As efforts are devised to further account for nuanced differences in our lived experiences, understandings of ourselves, and ways we negotiate shared social circumstances, projects like sillage and Copycat Killer are not without difficulty as they activate sensitivity to the particulars of given institutional contexts as well as the personal, associative projections we bring into such spaces. How paradigms of power and the institutions of individuality and identification interrelate and even interdepend within capitalist structures are questions that may at least be marked and qualified through these strategic uses of perfume.

 

 

 

 

 

 

 

[1] Rimmel, Eugène. The Book of Perfume. London: Elibron Classics, 2005. Originally published 1865. Print, pp. 69–70.

[2] Morris, Matt. Clownflâneur.
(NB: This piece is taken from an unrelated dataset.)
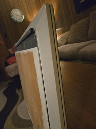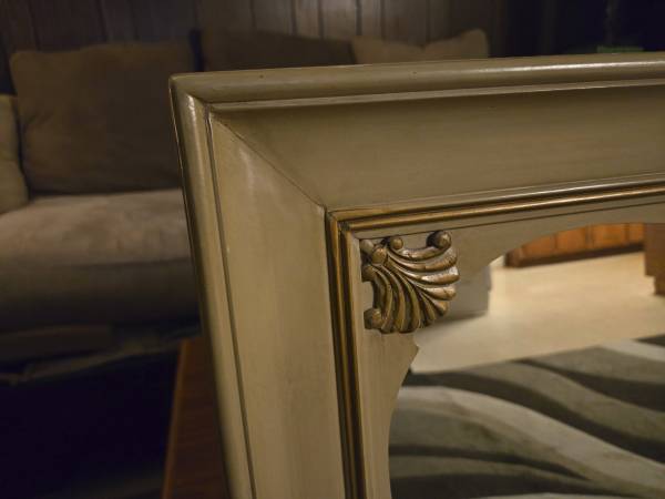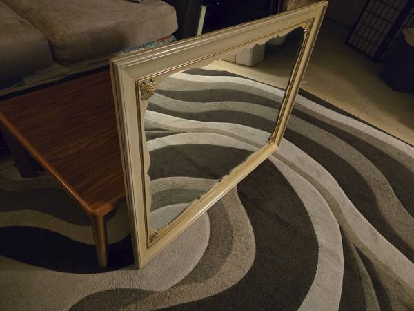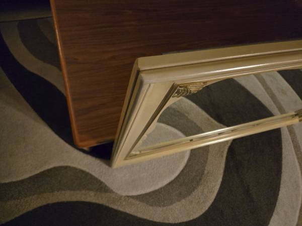 This mirror was purchased as part of a complete bedroom set in the 1950's, around 1953 to be exact, from a furniture store in downtown Baltimore, Maryland. The brand name of the mirror is Stanley Furniture. This was a well-known brand name of furniture at the time. The mirror used to hang above a double-sized bedroom dresser. The entire mirror (with frame) measures 45" wide x 33.5" high, and the frame itself is 2 1/8 inches in depth. There is gold banding around the edge of the mirror. There are also shell motifs on all four corners. There is decorative scroll, wood inlay inside the frame. There is gold on the decorative accents around the mirror. This is a heavy mirror, and because of it's weight, there is a mounting bracket on the back (see pics).
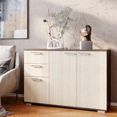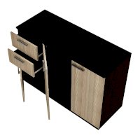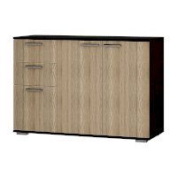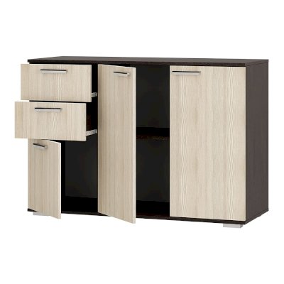 Комод Стандарт №3 шириной 1200 мм имеет необычное размещение полок и ящиков. Основная часть изделия состоит из двух распашных дверок, за которыми находятся места для хранения вещей. Левая часть комода представляет собой два выдвижных ящика и нижнюю секцию также с распашной дверцей и полками.

Evanston: Mary and Leigh Block Museum of Art, 2013. Print, p. 94.

[3] Morris, Matt. “Destroy, She Said (1) She Would Buy the Flowers Herself (2) (1) Duras (2) Woolf.” Chicago: Field & Florist, 2017. Print, p. 1.

[4] At the time of my writing, Britney Spears has twenty-three different perfumes; Christina Aguilera has fifteen; Beyoncé has fourteen; Michael Jordan has twelve. Data on celebrity branded perfumes gathered from <www.fragrantica.com> on 20 December 2017.

[5] Butler, Judith. Gender Trouble. London: Routledge, 1990. Print, pp. 199–200.

[6] Charles, RuPaul. “Whore! Perfume Commercial,” ca. 1990s. <https://youtu.be/DZBMBXoHyms>

[7] RuPaul goes on to produce an actual unisex perfume Glamazon, in 2013, and inspires imitators: an entire episode of her reality television competition RuPaul’s Drag Race is committed to a challenge in which the drag queen contestants must design and market their own fragrance (“Scent of a Drag Queen,” aired Monday, March 18, 2013). Several Drag Race alumn have released their own perfumes in collaboration with the LA-based perfumery Xyrena, known for its playfully irreverent scents such as Dark Ride (meant to smell like an amusement park water ride) and a collection of cannabis-inspired perfumes. For instance, Trixie Mattel released Plastic in 2017—a fragrance meant to further exaggerate the artifice of the performer’s drag persona with notes redolent of girlish Barbie products.

[8] Graham, Mark. “Queer Smells: Fragrances of Late Capitalism or Scents of Subversion?” The Smell Culture Reader. New York: Berg, 2006. Print, p. 306.

[9] Ibid. P. 314.

[10] Ibid. P. 318.

[11] Kraczon, Kathryn. “Re: ICA Nayland Blake exhibition.” Message to the author. 18 December 2017.

[12] The Art of Scent, 2013, Museum of Arts and Design, New York; Anicka Yi: Life Is Cheap, 2017, Solomon R. Guggenheim Museum of Art, New York; Perfume: A Sensory Journey Through Contemporary Scent, 2017, Somerset House, London; to highlight a few.